Can You Go to Urgent Care for a Kidney Infection?

A kidney infection (pyelonephritis) is a serious condition that typically begins as a urinary tract infection (UTI) in the bladder and travels upward to one or both kidneys. Prompt medical attention is necessary because this infection can rapidly lead to severe complications. An urgent care facility can serve as an appropriate first stop for initial assessment and treatment, depending on the severity of the symptoms and the patient’s overall health status.

Recognizing the Symptoms of a Kidney Infection

A kidney infection is distinct from a simpler bladder infection (cystitis) because it involves the upper urinary tract and produces systemic symptoms. Pyelonephritis often presents with signs of a body-wide illness, unlike cystitis which causes local symptoms like painful or frequent urination. The most telling symptom is flank pain—an ache in the side or back, often just below the ribs, that can be unilateral or bilateral. This pain is frequently accompanied by a high fever, typically above 100.4°F, shaking chills, nausea, and vomiting.

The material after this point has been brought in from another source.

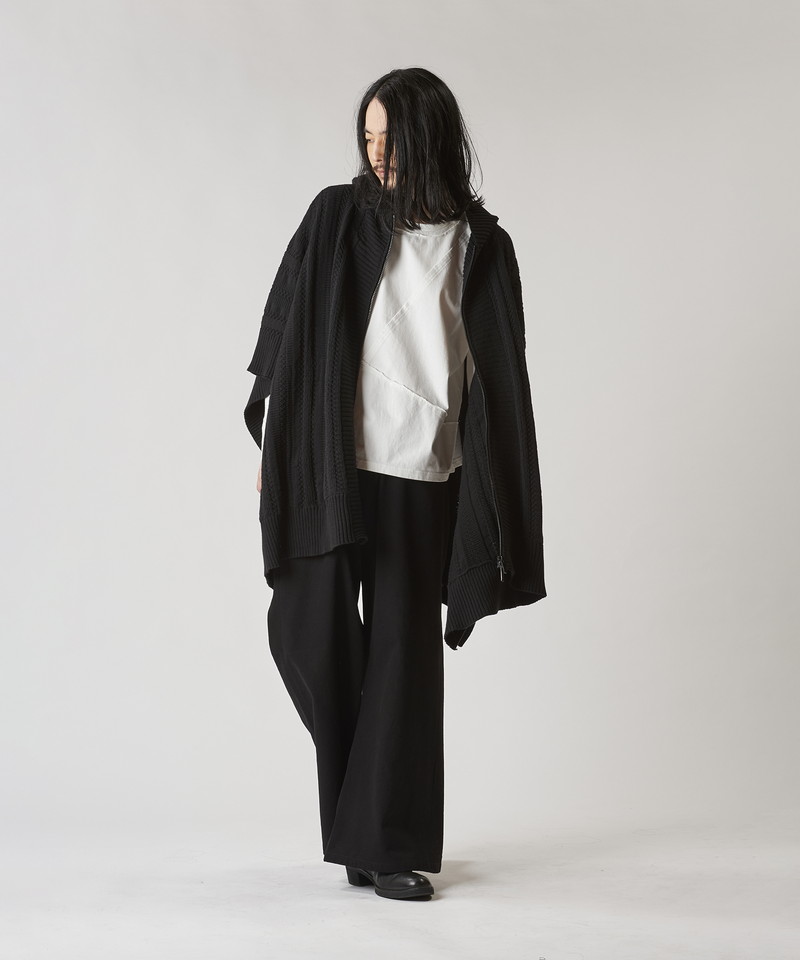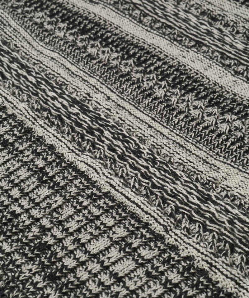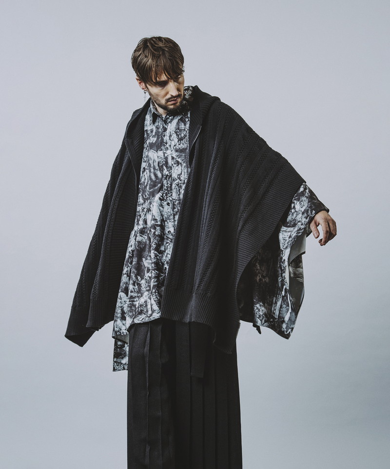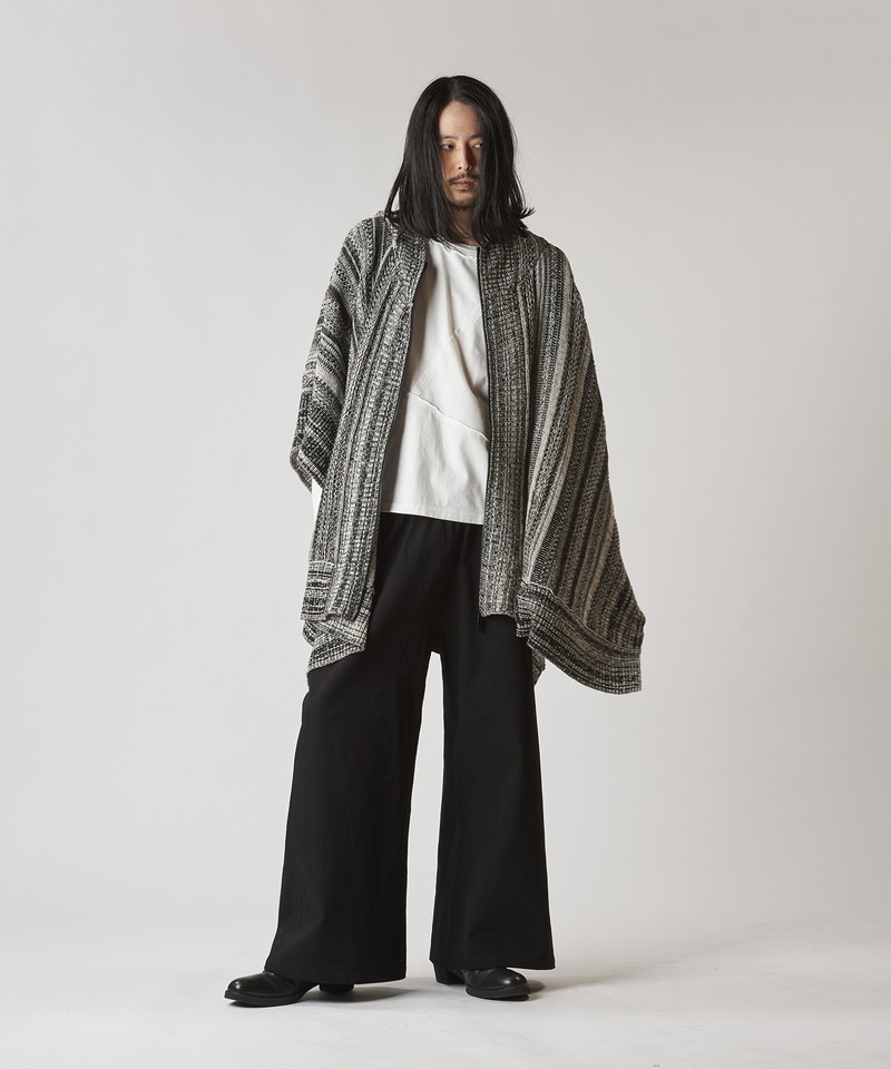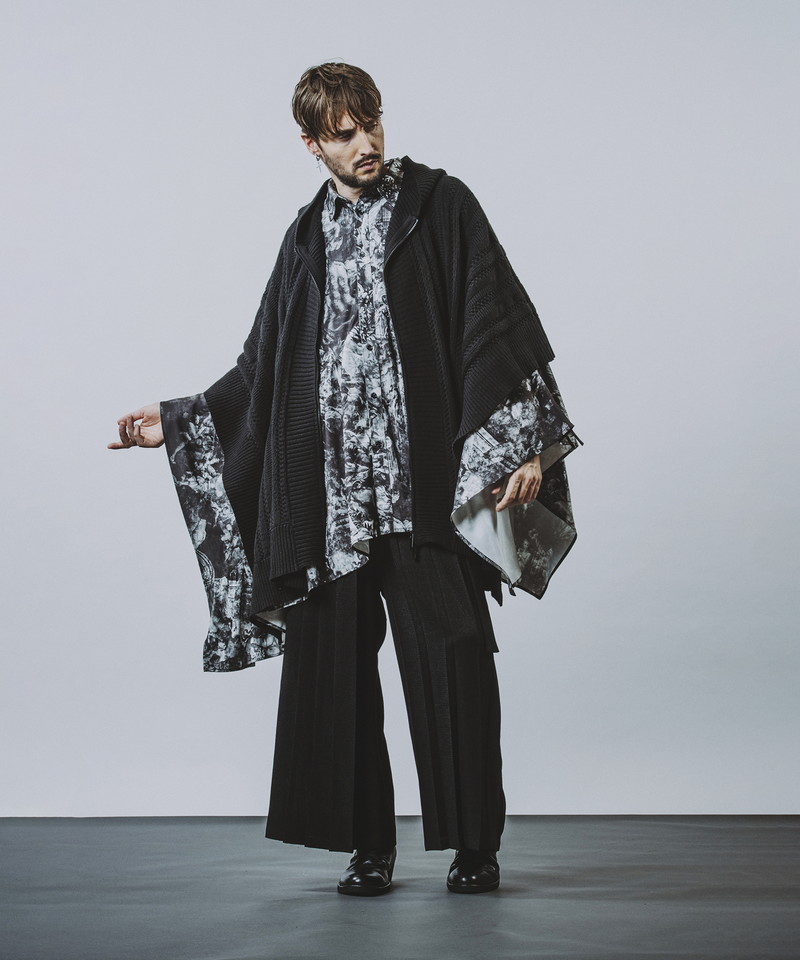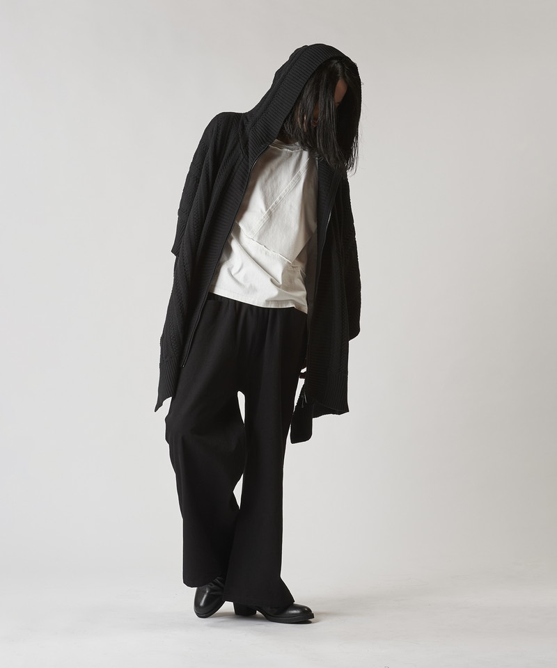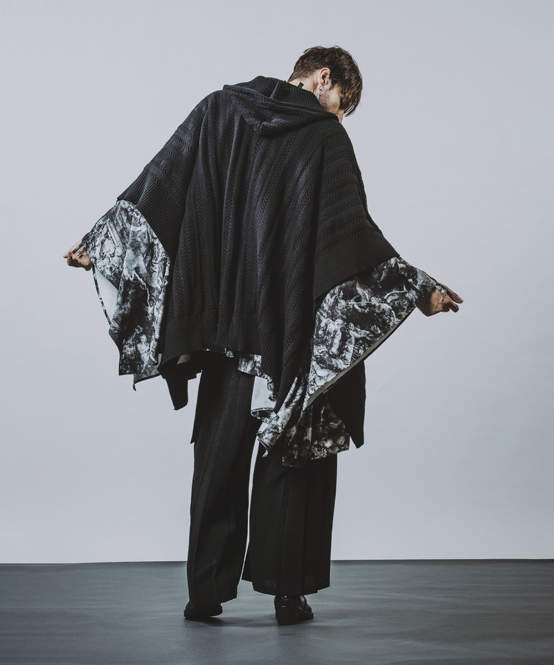 ZIPアップタイプのニットポンチョ。ビッグフードデザインとボリューム感のあるビッグシルエット。あえて横使いでストライプ調にしてシャープな印象をプラスした立体感のある模様編みが特徴。ヘムラインや、ファスナー、フード周りはリブ編みに切替えたデザイン。スタイリングアレンジ可能なダブルファスナー。ジェンダーレスでモードなデザイン。定番人気のシックなBLACKと2色の糸を引き揃えて編み立てたBLACK×WHITEの2カラー展開。

The Scope of Urgent Care Services

Urgent care facilities are equipped to manage uncomplicated cases of pyelonephritis in stable, otherwise healthy adults. The initial diagnostic process involves a urinalysis to detect signs of infection, such as white blood cells and bacteria. A urine culture is also collected to identify the specific bacteria and determine which antibiotics will be most effective. For patients who are not significantly dehydrated and can tolerate oral medication, the provider can prescribe a course of oral antibiotics. The treatment course is typically 7 to 14 days and must be followed completely.

There are specific limitations to the care urgent care facilities can provide. These centers cannot administer intravenous (IV) antibiotics or large volumes of IV fluids, which are necessary for patients who are severely dehydrated or unable to keep oral medications down due to vomiting. Urgent care also cannot admit patients for observation or perform advanced imaging like a CT scan or renal ultrasound. If a patient is too ill to reliably take medication at home or if their vital signs are unstable, urgent care is not the appropriate setting.

Identifying Emergency Red Flags

Certain symptoms signal a severe infection that requires immediate attention at an emergency room (ER), bypassing urgent care entirely. The most significant concern is the potential progression to sepsis, a life-threatening response requiring aggressive hospital treatment. Symptoms of potential sepsis include confusion, extreme fatigue, a rapid heart rate, or very low blood pressure.

Patients who cannot tolerate liquids or medications orally due to uncontrollable vomiting should go directly to the ER for IV hydration and IV antibiotics. The presence of complicating factors also makes an ER visit necessary, even if symptoms seem mild. These factors include pregnancy, structural issues in the urinary tract (like kidney stones), poorly controlled diabetes, or a compromised immune system. If fever persists for more than 72 hours after starting antibiotics, or if symptoms worsen, immediate reevaluation at an ER is necessary for advanced monitoring.

Post-Treatment Expectations and Follow-Up

The urgent care visit marks the beginning of treatment, and successful recovery depends on careful adherence to the prescribed plan. Patients must take the full course of oral antibiotics, even if symptoms begin to improve within the first 48 to 72 hours. Stopping the medication prematurely can result in a resurgence of the infection with antibiotic-resistant bacteria. Patients should monitor for clinical improvement, which is generally expected within three days of starting therapy. If fever or flank pain continues beyond this window, the patient should seek immediate medical attention.

A follow-up appointment with a Primary Care Provider (PCP) is necessary, often scheduled one to two weeks after completing the antibiotic course. This follow-up typically includes a test-of-cure, involving a repeat urinalysis and urine culture. This step confirms that the infection has been completely eradicated from the urinary tract, preventing recurrence or the development of chronic issues.